Antonio Agee–Tony to his friends, Shades to the art world–is sitting by the window at Cafe Zola. His trademark Arnette sunglasses tipped up on his head, his iPhone and iPad on the table in front of him, he’s charming the waitress and talking about his commission to do a mural. It will cover the entire back wall of the cafe and the neighboring buildings that house Grizzly Peak.

“I’m what you call up-and-coming,” says Agee, a thirty-nine-year-old Detroiter. “When I was younger, I could have been where I’m at right now, but I was into too much bullshit–drinking, partying.”

He was in middle school when a friend showed him how to create curvy “bubble” letters in spray paint, and after drawing them on paper for a few years, he started tagging buildings near his father’s store on the east side of Detroit. His father, since deceased, was a jazz saxophonist who sold incense and candles and was big in the city’s hippie counterculture–“John Sinclair was my godparent,” Agee says.

He got his first commission “doing the elevator walls in Trapper’s Alley.” With a $300 budget for supplies, he bought Krylon paint in “every color I could find,” plus a respirator to protect himself from the fumes. That led to other commissions, but his partying ways eventually got the better of him. By age thirty-two, Agee had married, had two kids, and had divorced. He knew he had to get help when he woke up one morning drunk, hopeless, and covered in cat hair in some woman’s apartment.

That brought him to Ann Arbor: “I went to Dawn Farms to get sober.” After detox, he landed a temporary job as a city garbage man, making $8 an hour. “I didn’t care. It was the city. It was awesome!” At the end of the summer, coworkers tipped him off to a permanent position. He moved up from tossing trash to driving the truck and kept it up for three and a half years.

He was living on Detroit Street across from Treasure Mart when his phone rang and a woman asked: “Is this Shades?”

“I hadn’t heard that name in four years,” says Agee.

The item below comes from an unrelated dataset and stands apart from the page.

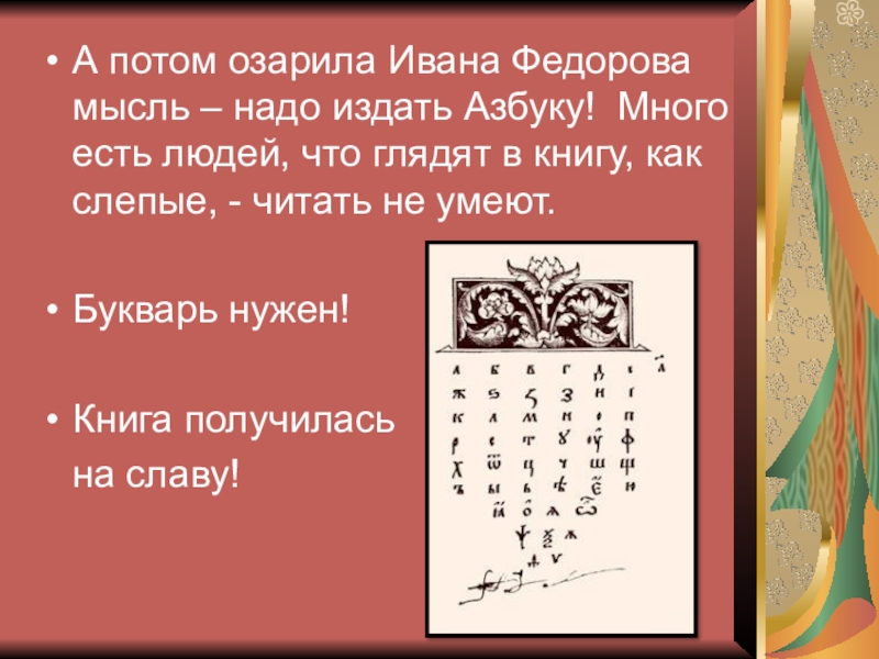 Слайд 11А потом озарила Ивана Федорова мысль – надо издать Азбуку! Много

“She started blah-blah-blahing and said, ‘I’m from the DIA, and we want you to do a show.’ I didn’t hear anything else.”

He painted a batch of new works for the DIA’s reopening gala in 2006, taking vacation time to stretch large canvases in his itty-bitty house on Detroit Street. It couldn’t have gone better. Buzz Silverman, the real estate magnate and collector, “bought one of my pieces.” After that, says Agee, “everyone started buying.”

It has been a wild ride ever since. He left his job and moved back to Detroit, but kept in touch with Ann Arbor. A year and a half ago, he met Jon Carlson of 2Mission Development, which owns Grizzly Peak and several other local restaurants, at an Eve Aronoff soul food dinner. “We’d been talking about painting that wall for fifteen years,” Carlson recalls. “Once we saw his work, we knew this was it.” Carlson and partners Chet Czaplicka and Greg Lobdell hired Agee to paint the wall through their They also volunteered to host a fund-raiser for the Ann Arbor Art Center to celebrate the mural’s unveiling on August 26 (see Events).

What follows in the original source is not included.